C/22544/2015 ACJC/399/2019

ARRÊT

DE LA COUR DE JUSTICE

Chambre civile

du mardi 12 mars 2019

 

Entre

A______ LTD,

B______ LTD,

C______ LTD,

toutes trois sises c/o D______, LTD. P.O. ______ Cayman Islands, appelantes contre une ordonnance rendue par la 18ème Chambre du Tribunal de première instance de ce canton le 1er juin 2018, comparant par Me Alexander Troller, avocat, rue de la Mairie 35, case postale 6569, 1211 Genève 6, en l'étude duquel elles font élection de domicile,

et

E______ SA, sise ______ Zürich, intimée, comparant par Me Daniel Tunik, avocat, route de Chêne 30, case postale 615,
1211 Genève 6, en l'étude duquel elle fait élection de domicile.

 


EN FAIT

A. Par ordonnance ORTPI/446/2018 rendue le 1er juin 2018, le Tribunal de première instance a ordonné à E______ SA de produire d'ici au
13 juillet 2018 les pièces suivantes : les relevés du portefeuille de
A______ LTD, de B______ LTD et de C______ LTD dans les livres de F______ SA au 28 avril 2010, 7, 11 et 28 mai 2010 et 30 juin 2010, les relevés du compte détenu par A______ LTD dans les livres de F______ SA du 1er juin 2010 au 10 décembre 2012, les relevés du compte détenu par B______ LTD dans les livres de F______ SA du 1er juin 2010 au 11 décembre 2012, les relevés du compte détenu par C______ LTD dans les livres de F______ SA du 1er juin 2010 au 30 juin 2013, les avis d'opération concernant le compte détenu par A______ LTD dans les livres de F______ SA du 1er juin 2010 au 10 décembre 2012, les avis d'opération concernant le compte détenu par B______ LTD dans les livres de F______ SA du 1er juin 2010 au 11 décembre 2012 et les avis d'opération concernant le compte détenu par C______ LTD dans les livres de F______ SA du 1er juin 2010 au 30 juin 2013, et débouté pour le surplus les défenderesses de leurs conclusions en production de pièces des 9 janvier 2017, 31 mars 2017 et 24 juillet 2017.

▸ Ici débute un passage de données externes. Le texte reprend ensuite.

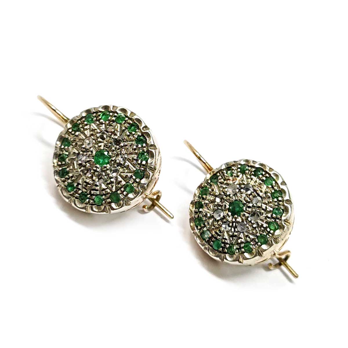 Orecchini Toppa Palermitana con Smeraldi e Diamanti Corone

B. a. Par acte unique intitulé "appel / recours", expédié le 18 juin 2018 à la Cour de justice, A______ LTD, B______ LTD et C______ LTD ont conclu, préalablement, à l'octroi de l'effet suspensif. Principalement, elles ont conclu à ce que la Cour annule l'ordonnance entreprise, statue sur la demande de reddition de compte qu'elles ont formées à l'encontre de E______ SA et ordonne à celle-ci de leur remettre des documents énumérés dans leurs conclusions. Subsidiairement, elles ont conclu au renvoi de la cause au Tribunal de première instance, le tout sous suite de frais.

b. E______ SA a conclu au rejet de la requête d'effet suspensif.

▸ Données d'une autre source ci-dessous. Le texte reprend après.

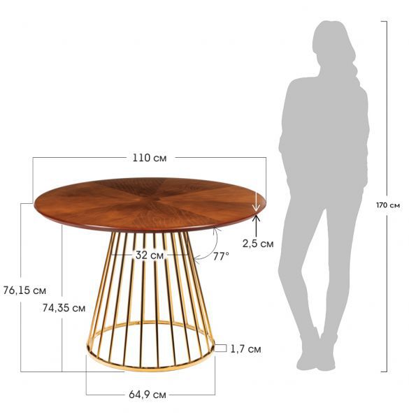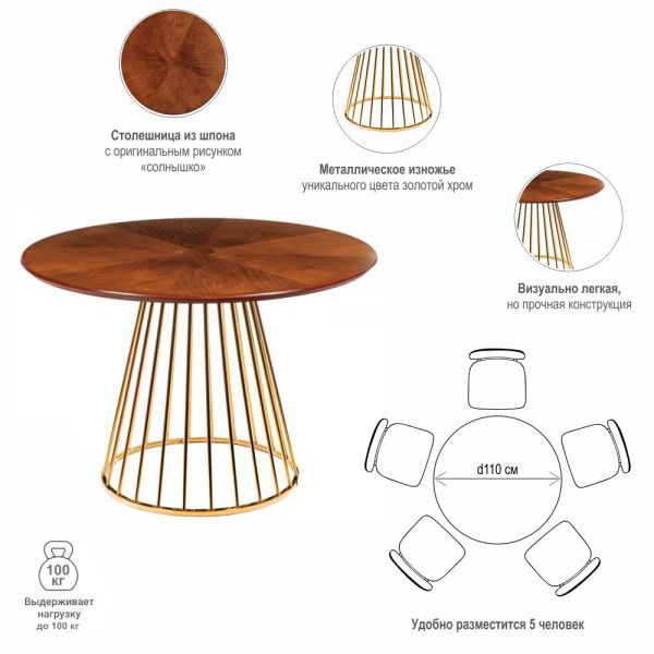 Стол Bradex Home Liverpool 110 см шпон орех "солнышко"

c. Par arrêt ACJC/1064/2018 du 6 août 2018, la Cour a rejeté la requête tendant à la suspension du caractère exécutoire attaché à l'ordonnance entreprise et dit qu'il serait statué sur les frais liés à cette décision dans l'arrêt rendu au fond.

d. E______ SA a conclu à ce que la Cour déclare irrecevable l'acte d'"appel / recours" déposé par A______ LTD, B______ LTD et C______ LTD, subsidiairement le rejette, sous suite de frais et dépens.

e. A______ LTD, B______ LTD et C______ LTD ont répliqué et persisté dans leurs conclusions.

f. E______ SA ayant renoncé à se prononcer sur la réplique de sa partie adverse, la Cour a informé les parties de ce que la cause était gardée à juger par avis du 21 septembre 2018.

C. Les faits pertinents suivants résultent du dossier :

a. Le 30 octobre 2015, E______ SA a déposé une demande en paiement de 1'080'620 USD à l'encontre de A______ LTD, de 3'229'566 USD à l'encontre de B______ LTD et de 1'124'917 USD à l'encontre de C______ LTD .

Cette demande repose sur le contexte suivant :

E______ SA est une banque inscrite au Registre du commerce de Zurich. En 2012, elle a repris les actifs et passifs de F______ SA, auparavant inscrite au Registre du commerce de Genève.

Les fonds de placement A______ LTD,
B______ LTD et
C______ LTD (ci-après : les Fonds), ainsi que G______ LTD - qui n'est pas partie à la présente procédure - ont leur siège aux Iles Caïmans.

Ces fonds ont ouvert des comptes auprès de F______ SA le
9 décembre 2008, qui est devenue leur banque dépositaire.

Des lignes de crédit ayant été octroyées auxdits fonds, E______ SA, en sa qualité de successeur de F______ SA, en réclame le remboursement.

b. A réception de la demande de paiement, le Tribunal a octroyé un délai pour répondre aux Fonds qui ont demandé et obtenu des prolongations successives jusqu'au 12 janvier 2017.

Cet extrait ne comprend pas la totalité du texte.